- **HOW TO COMPLETE THIS TASK**
Begin at the first line of the data and copy each line through the one containing "Die zerkleinerten Pflanzen", that line included, with no pictures.

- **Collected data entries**
◆ ◆ ◆ ◆ ◆ ◆ ◆

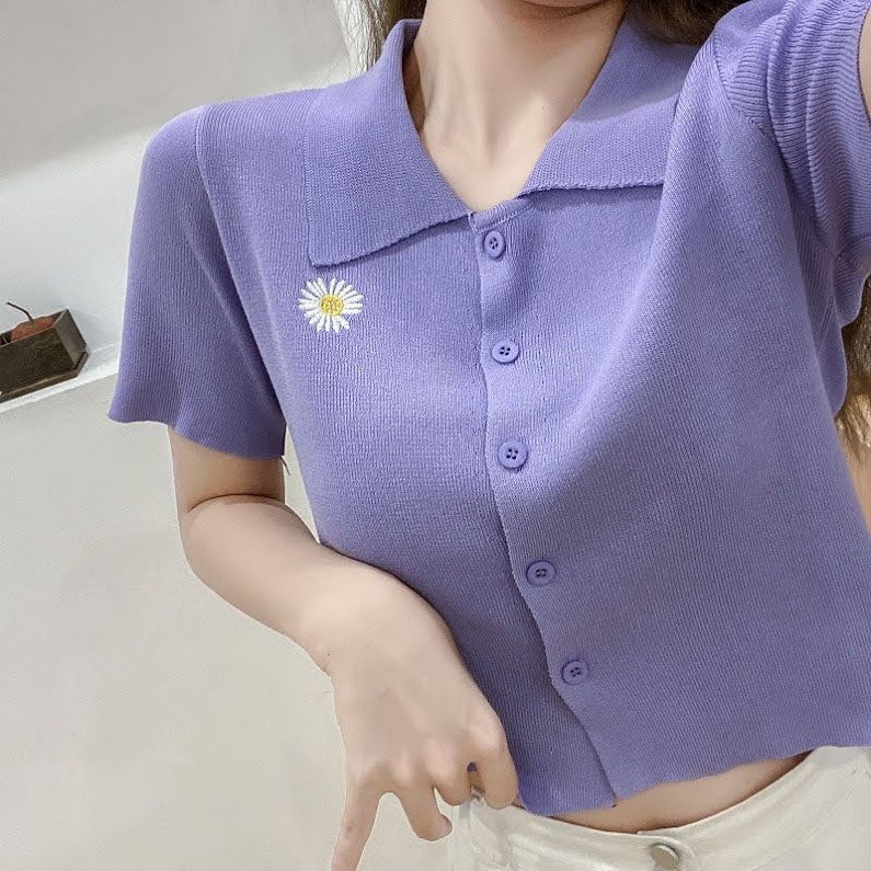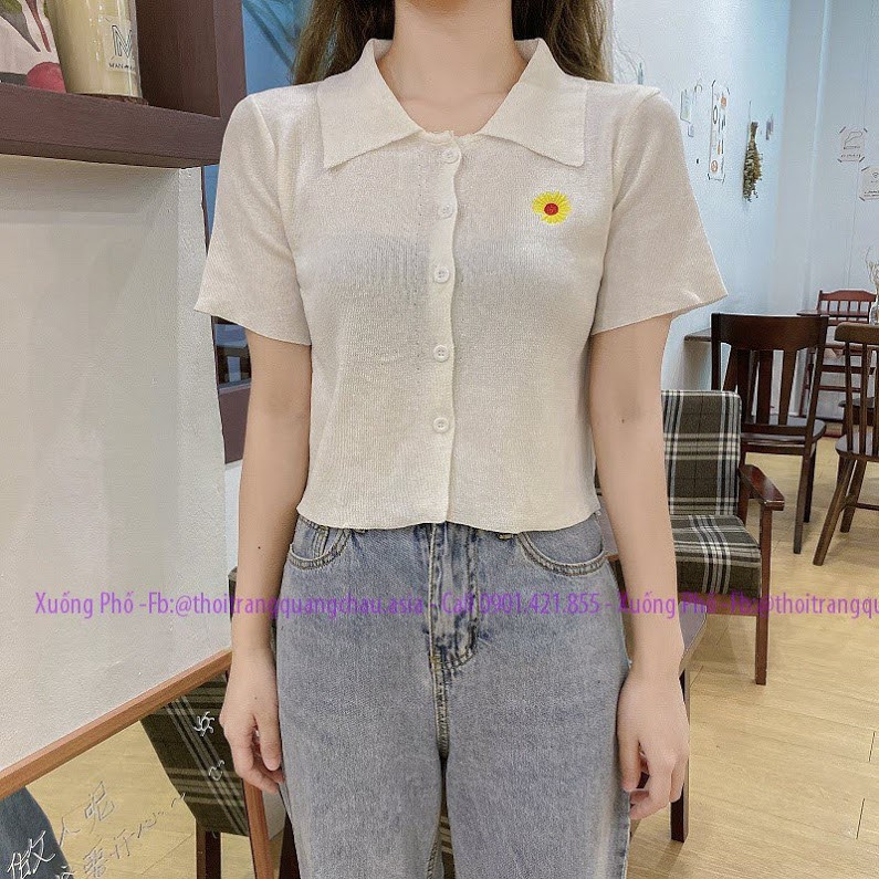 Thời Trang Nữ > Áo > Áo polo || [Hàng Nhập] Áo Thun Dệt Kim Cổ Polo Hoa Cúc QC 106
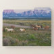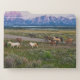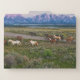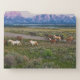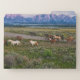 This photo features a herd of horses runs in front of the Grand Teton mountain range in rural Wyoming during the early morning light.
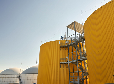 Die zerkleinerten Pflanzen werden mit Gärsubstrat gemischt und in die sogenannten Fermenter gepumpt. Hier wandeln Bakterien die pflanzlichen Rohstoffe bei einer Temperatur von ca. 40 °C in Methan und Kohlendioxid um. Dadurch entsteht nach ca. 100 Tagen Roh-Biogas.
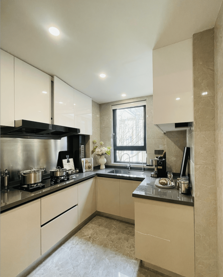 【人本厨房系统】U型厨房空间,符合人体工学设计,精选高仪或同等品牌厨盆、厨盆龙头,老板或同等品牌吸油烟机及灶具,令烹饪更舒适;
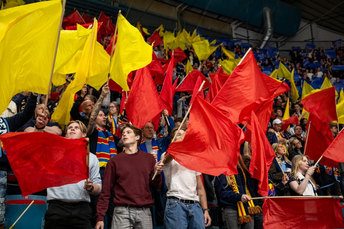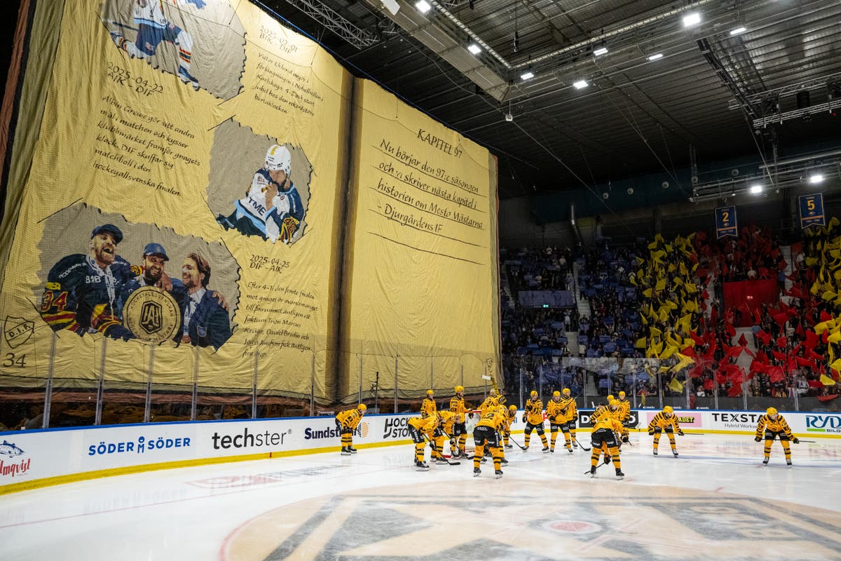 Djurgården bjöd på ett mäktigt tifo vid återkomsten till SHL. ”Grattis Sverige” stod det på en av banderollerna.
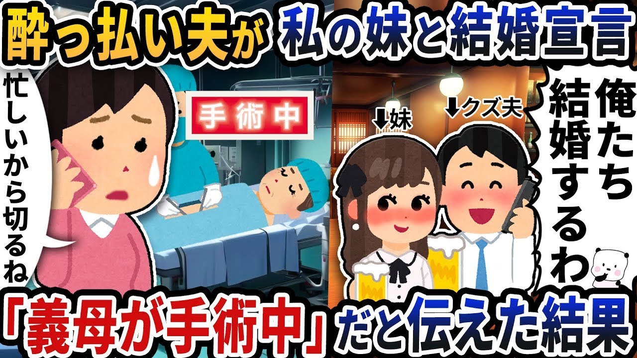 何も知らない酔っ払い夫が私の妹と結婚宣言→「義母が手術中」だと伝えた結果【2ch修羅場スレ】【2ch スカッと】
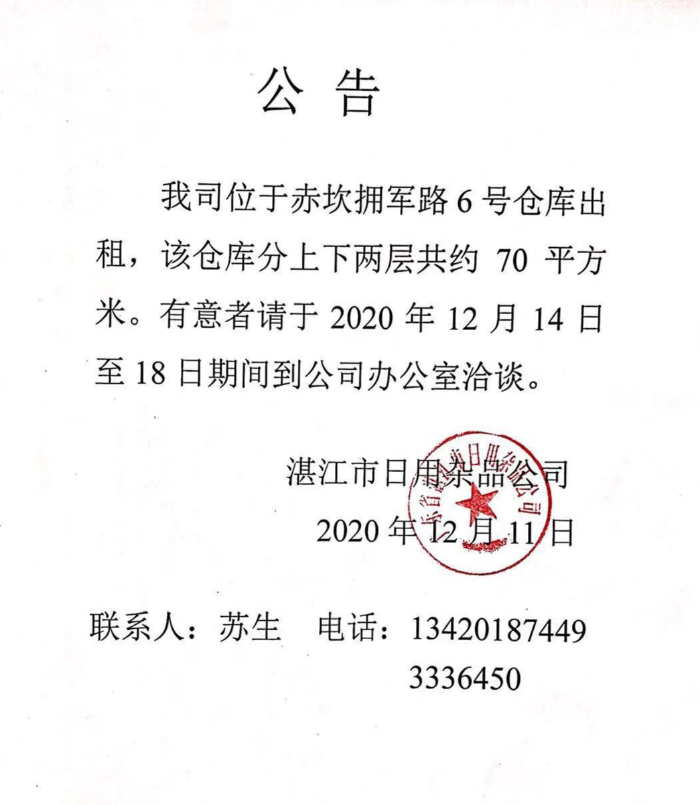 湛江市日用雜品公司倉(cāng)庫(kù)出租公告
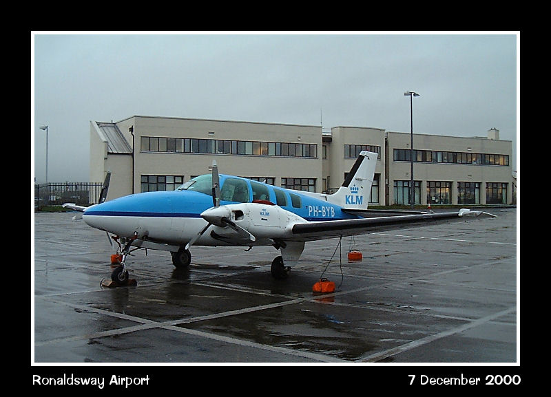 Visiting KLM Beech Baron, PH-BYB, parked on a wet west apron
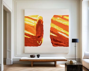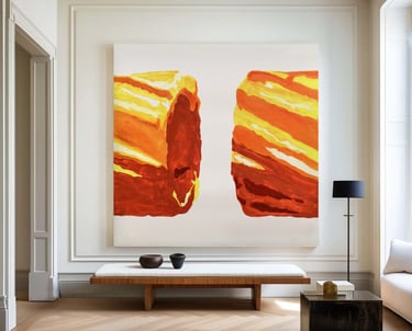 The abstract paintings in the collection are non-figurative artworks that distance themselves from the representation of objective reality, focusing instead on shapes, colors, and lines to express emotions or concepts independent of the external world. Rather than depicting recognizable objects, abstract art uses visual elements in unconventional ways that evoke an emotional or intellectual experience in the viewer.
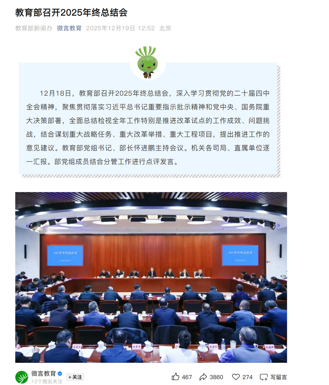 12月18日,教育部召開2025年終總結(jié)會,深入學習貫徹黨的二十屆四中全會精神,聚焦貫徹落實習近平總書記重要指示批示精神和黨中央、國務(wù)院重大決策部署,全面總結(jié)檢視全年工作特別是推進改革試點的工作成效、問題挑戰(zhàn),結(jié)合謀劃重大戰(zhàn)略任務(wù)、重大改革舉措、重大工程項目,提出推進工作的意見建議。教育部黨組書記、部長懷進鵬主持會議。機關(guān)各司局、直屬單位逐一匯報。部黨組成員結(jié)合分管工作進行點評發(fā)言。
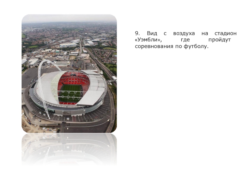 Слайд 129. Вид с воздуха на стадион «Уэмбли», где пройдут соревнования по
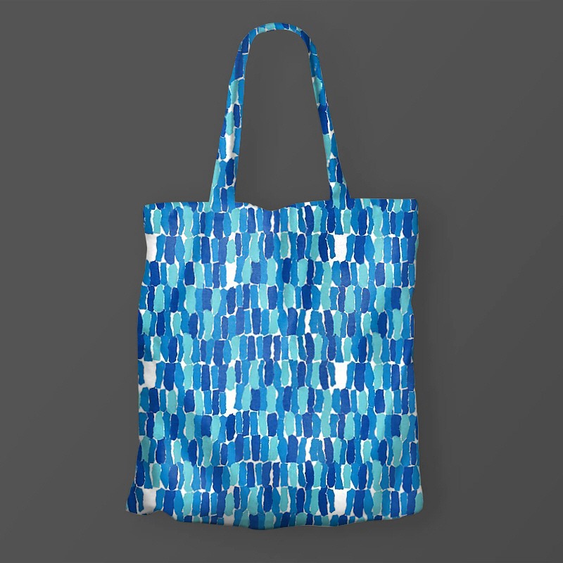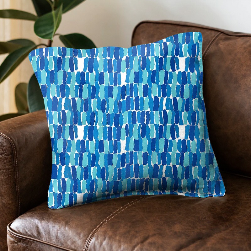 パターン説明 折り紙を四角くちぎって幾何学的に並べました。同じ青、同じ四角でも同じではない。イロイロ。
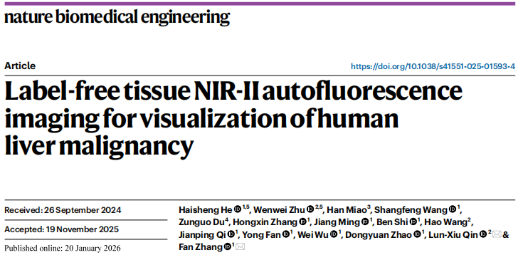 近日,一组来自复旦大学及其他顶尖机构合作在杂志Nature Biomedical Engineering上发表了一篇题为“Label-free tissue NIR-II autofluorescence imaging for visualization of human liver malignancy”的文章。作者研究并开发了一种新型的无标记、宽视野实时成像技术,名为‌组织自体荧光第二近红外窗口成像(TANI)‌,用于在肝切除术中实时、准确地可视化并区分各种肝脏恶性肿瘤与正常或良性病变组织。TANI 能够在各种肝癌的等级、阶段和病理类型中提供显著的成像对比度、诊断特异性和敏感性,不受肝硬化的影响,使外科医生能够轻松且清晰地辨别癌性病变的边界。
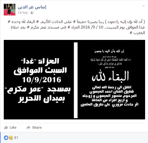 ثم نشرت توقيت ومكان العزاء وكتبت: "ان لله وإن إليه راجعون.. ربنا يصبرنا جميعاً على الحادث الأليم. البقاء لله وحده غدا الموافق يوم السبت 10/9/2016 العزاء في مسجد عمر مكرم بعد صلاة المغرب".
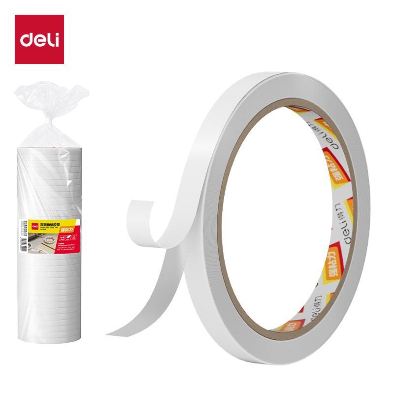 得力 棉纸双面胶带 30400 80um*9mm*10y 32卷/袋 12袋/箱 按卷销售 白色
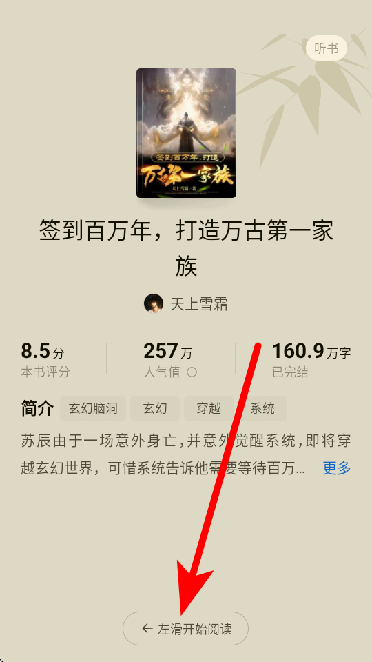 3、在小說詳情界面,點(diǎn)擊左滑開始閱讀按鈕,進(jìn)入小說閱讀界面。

◆ ◆ ◆ ◆ ◆ ◆ ◆

- **COMPLETED TASK**
 Thời Trang Nữ > Áo > Áo polo || [Hàng Nhập] Áo Thun Dệt Kim Cổ Polo Hoa Cúc QC 106
 This photo features a herd of horses runs in front of the Grand Teton mountain range in rural Wyoming during the early morning light.
 Die zerkleinerten Pflanzen werden mit Gärsubstrat gemischt und in die sogenannten Fermenter gepumpt. Hier wandeln Bakterien die pflanzlichen Rohstoffe bei einer Temperatur von ca. 40 °C in Methan und Kohlendioxid um. Dadurch entsteht nach ca. 100 Tagen Roh-Biogas.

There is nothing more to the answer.